DESCRIPTION OF THE TASK:
The answer must consist solely of the lines below starting at the one containing "Tabby Cat Cats" and ending at the one containing "The findings show", repeated exactly, with both ends included and all pictures omitted.

INPUT DATA:

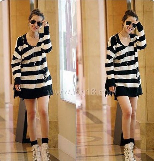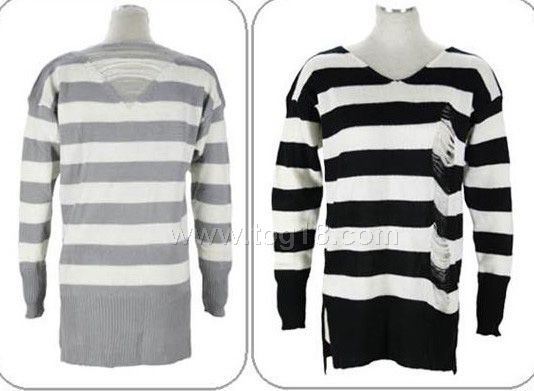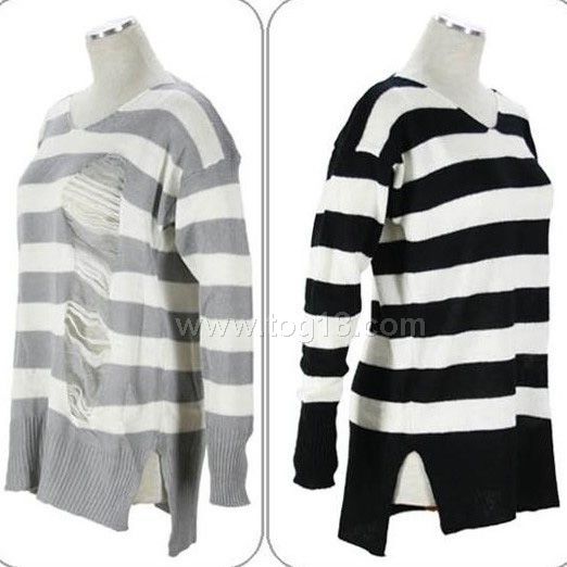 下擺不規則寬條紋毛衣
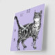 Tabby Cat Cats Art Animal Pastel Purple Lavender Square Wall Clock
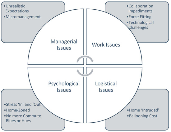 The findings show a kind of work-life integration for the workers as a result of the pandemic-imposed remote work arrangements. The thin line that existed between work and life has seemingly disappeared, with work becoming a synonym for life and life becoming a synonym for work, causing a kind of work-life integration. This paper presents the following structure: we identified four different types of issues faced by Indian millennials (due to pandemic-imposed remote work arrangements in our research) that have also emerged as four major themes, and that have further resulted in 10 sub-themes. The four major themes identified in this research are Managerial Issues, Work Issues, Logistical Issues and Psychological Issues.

---

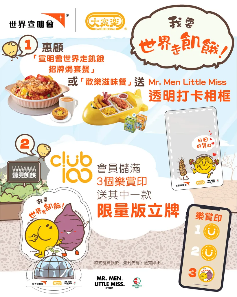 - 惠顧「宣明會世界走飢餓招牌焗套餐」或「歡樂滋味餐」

RESPONSE AREA:
 Tabby Cat Cats Art Animal Pastel Purple Lavender Square Wall Clock
 The findings show a kind of work-life integration for the workers as a result of the pandemic-imposed remote work arrangements. The thin line that existed between work and life has seemingly disappeared, with work becoming a synonym for life and life becoming a synonym for work, causing a kind of work-life integration. This paper presents the following structure: we identified four different types of issues faced by Indian millennials (due to pandemic-imposed remote work arrangements in our research) that have also emerged as four major themes, and that have further resulted in 10 sub-themes. The four major themes identified in this research are Managerial Issues, Work Issues, Logistical Issues and Psychological Issues.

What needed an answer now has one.